The project aims at designing and implementing a micro controller based system to control a robot while enabling the robot to learn about its environment on the fly i.e. without prior training and user intervention. The controller offers a set of commands for moving the robot in different directions and performing simple tasks like picking up and moving small things. The robot can learn about its environment either by randomly moving about on its own or by receiving commands from a user and executing them. Initially, when the robot is new to its environment, it tries to avoid any obstacles that it encounters during movement by a ‘Blind Man’ approach. If, the robot succeeds in getting around an obstacle in this way, it remembers the position at which it encountered the obstacle and the moves it had to carry out in order to overcome it and passes on this information to a backend program to train a neural network with that data. The robot then relies on the neural network in case of future difficulties and falls back on the ‘blind approach’ only when the network fails to provide an appropriate solution to its problem. In such cases, the robot causes the network to be trained again with the fresh data.
How the robot builds a model of its environment:
The backend program that helps the robot actually creates and trains a set of neural networks, each corresponding to a ’Zone’ in the robot’s environment. Each network is responsible to learn the positions of obstacles in that zone and the sequence of moves that would help the robot to get around that obstacle. Whenever the robot encounters an obstacle it contacts the program in the background that would evaluate the positions of the motors and determine the zone into which the obstacle falls. Then, it activates the corresponding network and gives the output of the network back to the robot. If no network exists yet for that zone, (which is the case when the robot starts anew), the program declares failure. In this case, or when the solution provided by the network fails to pull the robot out of its trouble, the robot proceeds to solve its problem on its own. When it finds a solution, it notifies the program that would then train the corresponding network by creating one if it doesn’t exist. In the event of the robot’s failure to find a solution to its problem, it gives up and waits for user intervention. As the robot gathers more and more data, it eventually builds a whole tree of neural networks storing the information about all the obstacles in its environment.
The system is going to be Intel 8051 based, capable of controlling six motors and an equal number of sensors. Each sensor is associated with one motor in such a way that the sensor would detect any obstacles in that motor’s path and inform the controller when the motor actually encounters one. The commands it offers will be to move the robot in the horizontal direction, vertical direction and to pick up or release some thing. The moves can be absolute, giving a position to go to, or relative, to move the robot by a fixed distance from the current position. When the controller receives a command, it attempts to finish the move while monitoring the sensors for an obstacle. In case it encounters one, it immediately enters the recovery mode, in which it attempts to overcome the obstacle and finish the unfinished move. In the recovery mode, it first contacts the backend program running on a pc, presenting to it, the positions of all of its motors at the time the obstacle was encountered. If the program comes up with a solution, the controller tries that. In case the program declares failure because a network for the zone in which the obstacle was encountered does not exist yet, or in case the solution given by the program fails, it attempts a recovery on its own using the blind man’s approach. The communication between the controller and its backend is going to take place over its serial port. The neural networks are created and trained using nql scripts. The back end itself is to be written in java. The back end offers an easy to use interface to the user for controlling the robot and also maintains the link between the neural networks and the controller.
The controller is ready with all its routines to control the robot and to recover from any obstacles that it encounters. The neural network part is also complete with all the necessary nql scripts ready. The whole thing is currently being tested to obtain some real results as to the ability of the robot to learn and maintain a picture of its environment. Visit this page again for the results.

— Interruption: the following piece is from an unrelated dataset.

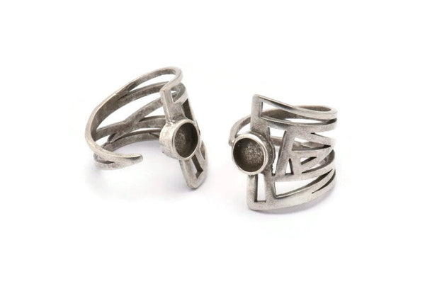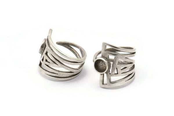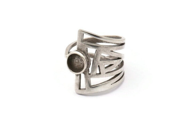 Antik Gümüş Kaplama Pirinç Yüzük, 1 Taşlı - Ped Boyutu 6mm

The user interface and all related programs for communication between the controller and the host computer are to be written. And any bugs that surface in the ongoing tests are to be corrected and refinements made to the entire code to improve its functioning.
Soon to come: Some pictures of the robot that we are working on.
The entire area surrounding the robot is divided into a number of zones, each identifying a plane of motion of the robot, characterized by a range of positions of one or more motors that control the movement of the robot in that plane. For example, the area between position 0 and 200 of the motor governing the horizontal motion of the robot could be designated as the “leftmost” zone, that falling between position 200 to 500 the “left” zone and so on. A similar division is done in the vertical plane based on the positions of the motors governing the vertical motion of the robot. In fact, this division could be made in any number of dimensions in which the robot is capable of moving and the interpretation is purely logical. Such a classification enables the robot to place an obstacle in any of the possible combination of the zones such as “leftmosttopmost” or “lefttop” depending on the positions of all the motors. Some fuzziness may also be incorporated into the evaluation of the positions.